KAIRO (Arrahmah.com) – Presiden AS Barack Obama lagi-lagi membual bahwa Washington tidak memiliki maksud untuk tetap membiarkan tentaranya ataupun mendirikan basis militer militernya secara permanen di Afganistan.
Dalam pidato yang sangat diantispasi di Kairo, yang dimaksudkan untuk menetralisir keretakan antara AS dan dunia Muslim, Obama mengatakan bahwa aksi militernya tetap diprioritaskan karena masih ada pelaku kekerasan (yang Obama maksud adalah para mujahidin) di Pakistan dan Afganistan.
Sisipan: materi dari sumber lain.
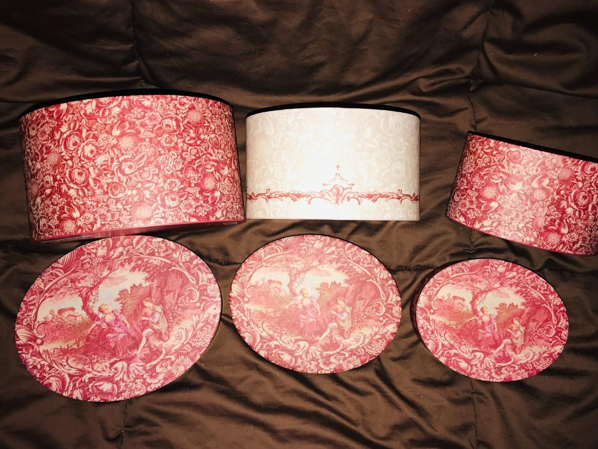 Reddish / toile ones are gift shop bought.
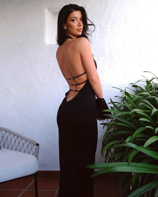 robe dos nu noir manche longue

“Kami akan dengan senang hati memulangkan setiap tentara kami ke rumah jika kami yain bahwa tidak ada ekstremis yang melakukan tindakan kekerasan di Afganistan dan Pakistan yang selalu bertujuan untuk membunuh orang Amerika sebanyak mungkin.”
Tetapi, Obama bersikeras bahwa Washington dan sekutu NATOnya akan memanfaatkan kombinasi antara upaya diplomasi dan komitmen untuk menyingkirkan para mujahidin dari daerah Pakistan-Afganistan.
“Janganlah keliru, kami sebenarnya tidak mau menyimpan tentara kami di Afganistan. Kami tidak ingin basis militer di sana,” bual Obama.
Tanpa rasa bersalah sedikitpun, Obama juga mengatakan perang melawan para mujahidin di Pakistan dan Afganistan telah betul-betul memberatkan Washington. Ia berdalih, “Tentu saja semua itu sangat mahal dan pilihan yang sulit secara politis.”
Presiden AS itu pura-pura mengakui bahwa kekuatan militer saja tidak cukup untuk menyelesaikan masalah di Afghanistan dan Pakistan, dimana perlawanan dari para mujahidin terus-menerus meningkat.
“Kami juga tahu bahwa kekuatan militer saja tidak akan membuat masalah di Afghanistan dan Pakistan selesai.”
Administrasi Obama telah mengumumkan penambahan 21.000 personil pasukannya ke Afghanistan. Sisanya 17.000 pasukan AS lainnya akan disebarkan di Afghanistan pada pertengahan Juli.
Islamabad yakin bahwa keberadaan pasukan asing di Afghanistan justru dapat mendestabilisasi Pakistan. Karena, menurut pemerintah Pakistan, hal tersebut akan menyebabkan semakin banyak para mujahidin yang melintas perbatasan.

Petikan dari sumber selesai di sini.